Deep learning networks for stock market analysis and prediction (Paper Summary)

Here is the link to the paper.


The authors consider 2 main problems:

  1. Predicting intraday stock returns only using the intraday market data
  2. Predicting covariance matrix using the predicted stock returns


Dataset consists of 38 stocks from Korea KOSPI with prices sampled every 5 minutes. The date range for the data collection is from 2010-01-04 to 2014-12-30. First 80% of the sample (from 2010-01-04 to 2013-12-24) is taken for training. At each timestamp, the algorithm has access to last 10 log returns for each stock. Log return is computed as \(r_t = \ln(S_t/S_{t-\Delta{t}})\), where \(S_t\) is the stock price at time \(t\), and \(\Delta{t}\) is 5 minutes. The sample contains a total of 1239 trading days and 73,041 five-minute returns (excluding the first ten returns each day) for each stock.

Data Preprocessing

The authors explore various preprocessing techniques. Preprocessed data is fed into the neural network in the prediction stage.

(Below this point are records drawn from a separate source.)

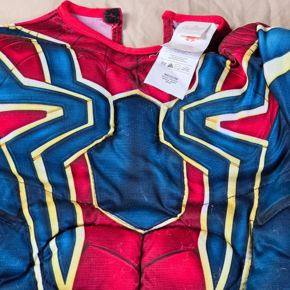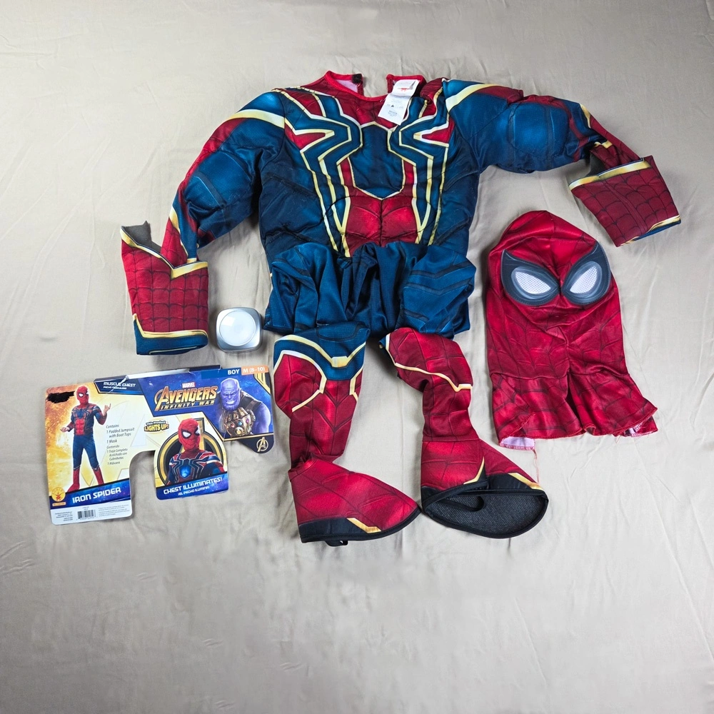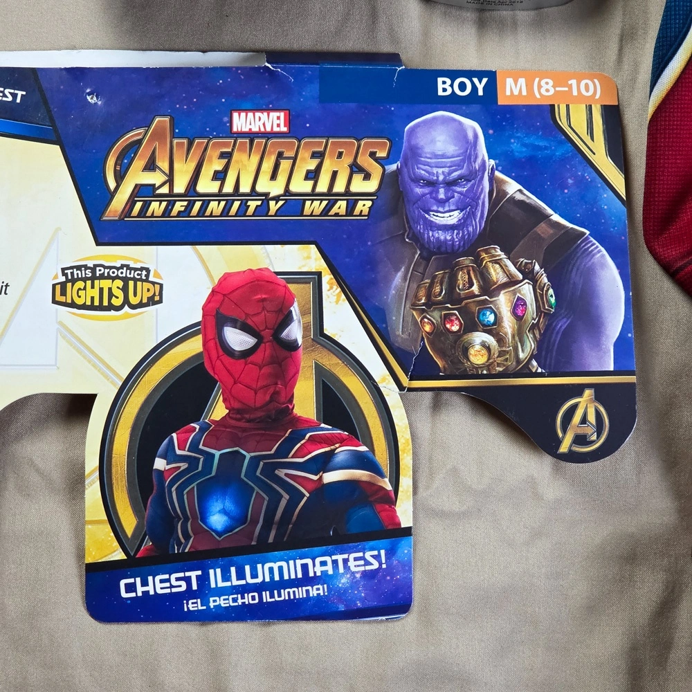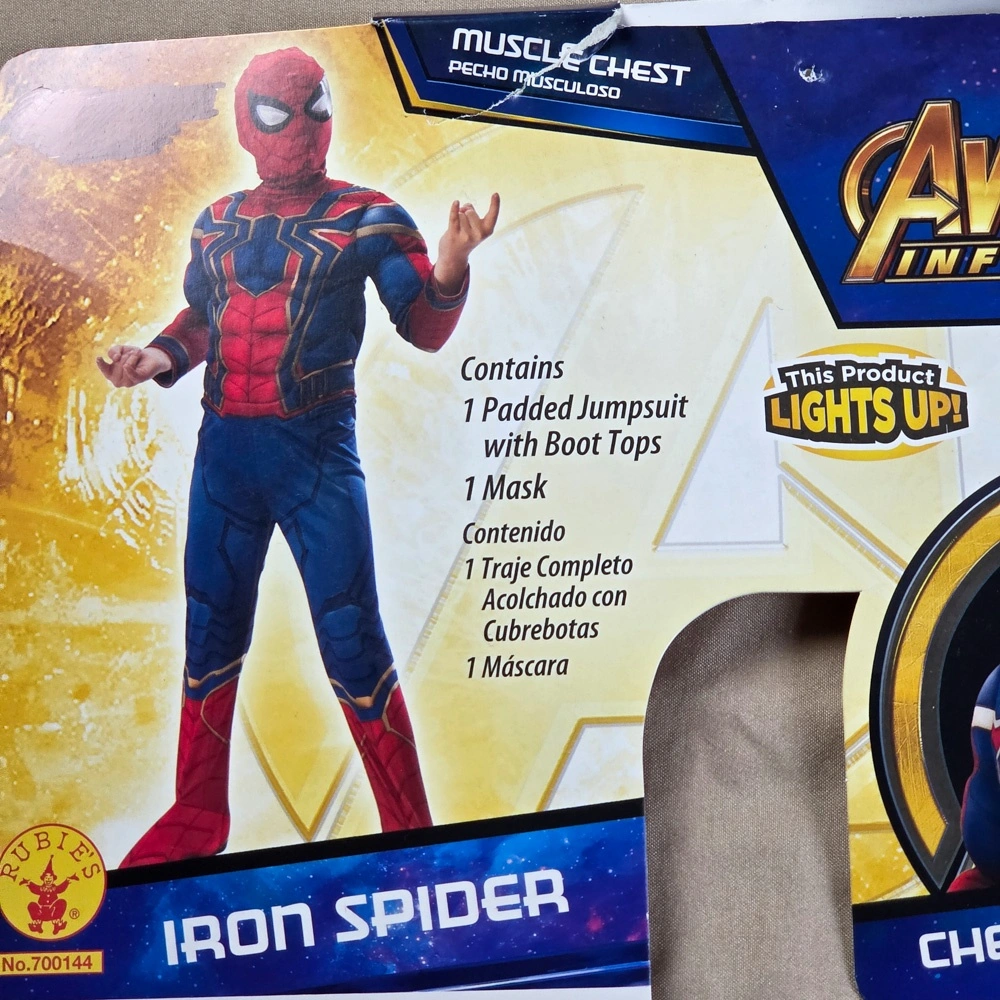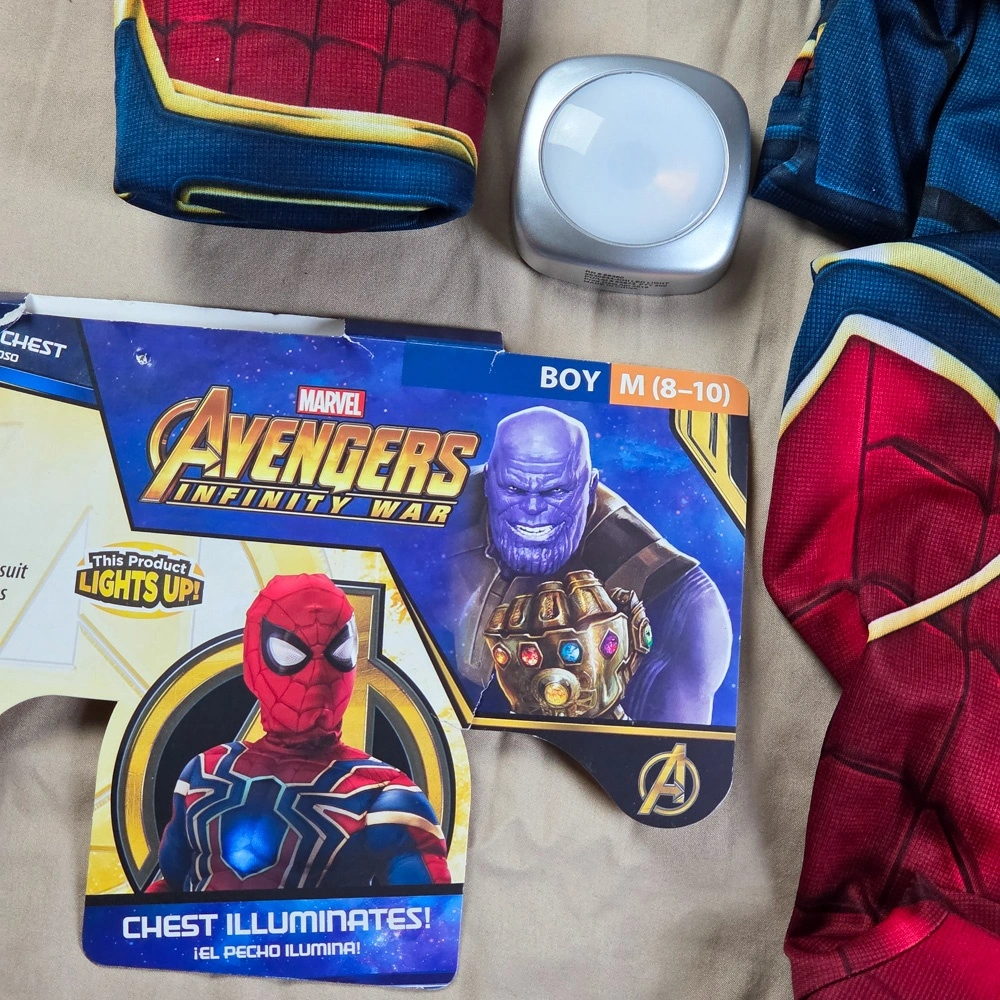 Marvel Avengers Infinity War Iron-Spider Spiderman Boys Superhero Halloween Costume Deluxe. The chest illuminates, takes 3 AAA batteries.
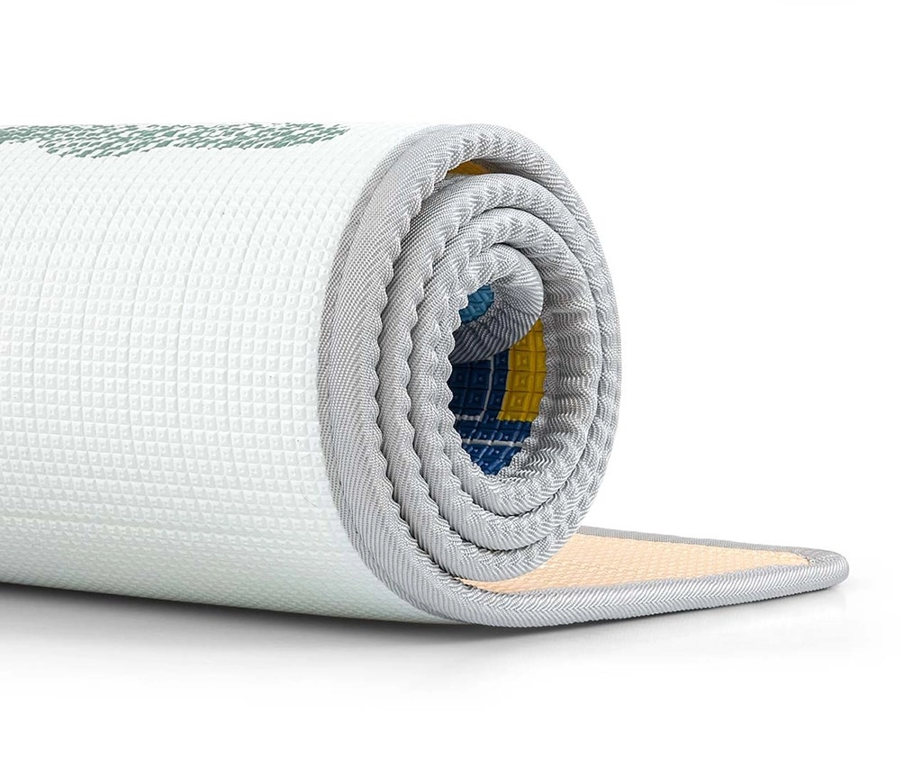 Le matériau XPE est sans formamide, phtalates, PVC ni BPA, anti-allergique et facile à entretenir – il suffit d’essuyer avec un chiffon humide. Le tapis est léger, se roule et se range facilement, idéal aussi en voyage ou pour une utilisation extérieure sur surface plane. Conforme aux normes de sécurité européennes EN 71.
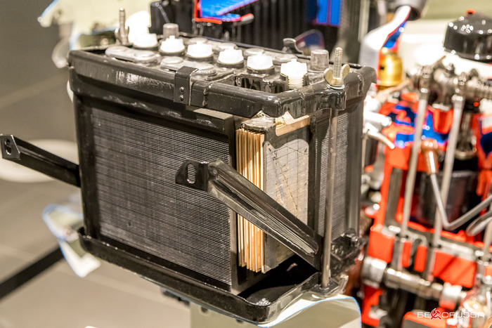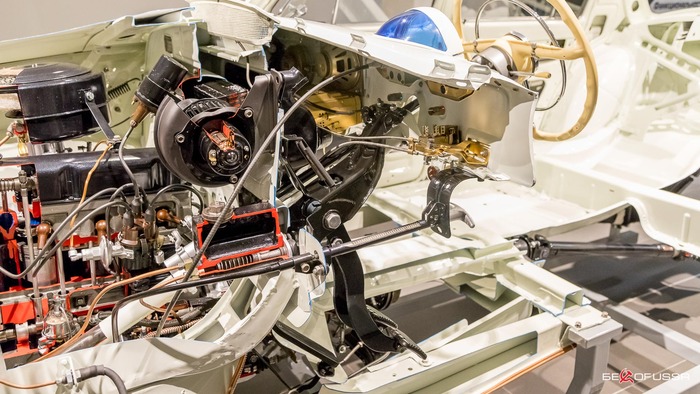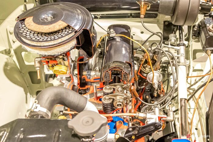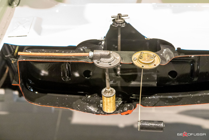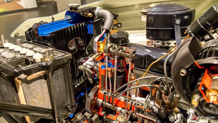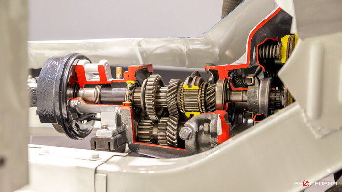 Коробка передач сделана справа по ходу движения. Наглядность механизма сцепления, всех валов, шестерен, подшипников. Втиснуть разрез КПП в общий "дисплей" не получилось, потому что пришлось оставить на месте трубку отопителя салона. Посмотреть КПП можно только справа через "открытую" дверь или через вырез переднего правого брызговика. С того же ракурса сделан вырез кривошипа – наглядность масляных каналов внутри вала и других элементов системы смазки. Всех!

  • RawData: No proprocessing. Raw returns in a 38 * 10 sized vector.
  • PC200: PCA with output dimension 200.
  • PC380: PCA with output dimention 380.
  • AE400: Sparse Autoencoder with output dimension 400. (The autoencoder has 1-hidden layer with size 400.)
  • AE800: Sparse Autoencoder with output dimention 800.

Intraday Stock Return Prediction Approaches

A neural network with 2 hidden layers is compared against a univariate autoregressive model with 10 lagged variables. Sizes of the hidden layers are 200 and 100 respectively. Since this a regression model, the final output is a scalar.

\(h_1 = ReLU(W_1u_t + b_1)\)
\(h_2 = ReLU(W_2h_1 + b_2)\)
\(\hat{r}_{i,t+1} = W_3h_2 + b_3\)

Stock Return Results

Method NMSE
AR(10) 0.9655
ANN (RawData) 0.9937
DNN (RawData) 0.9629
DNN (PCA380) 0.9660
DNN (RBM400) 0.9702
DNN (AE400) 0.9638

NMSE is the normalized Mean Squared Error defined as

\[NMSE = \frac{1}{N} \frac{\sum_{n=1}^N (r_{t+1}^n - \hat{r}_{t+1}^n)^2}{var(r_{t+1}^n)}\]

where \(var()\) is the variance.


Results are certainly a bit underwhelming. However, that’s not really surprising. My own experiments with the US equities intraday data have been similar. I was using an LSTM model to predict the out-of-sample intraday stock returns. It was better than linear regression in some stocks, but a bit worse in other stocks.

The underlying problem with the higher frequency intraday data is the significant amount of noise built into the data. Simply increasing the model capacity by using a neural network is not going to fix that issue.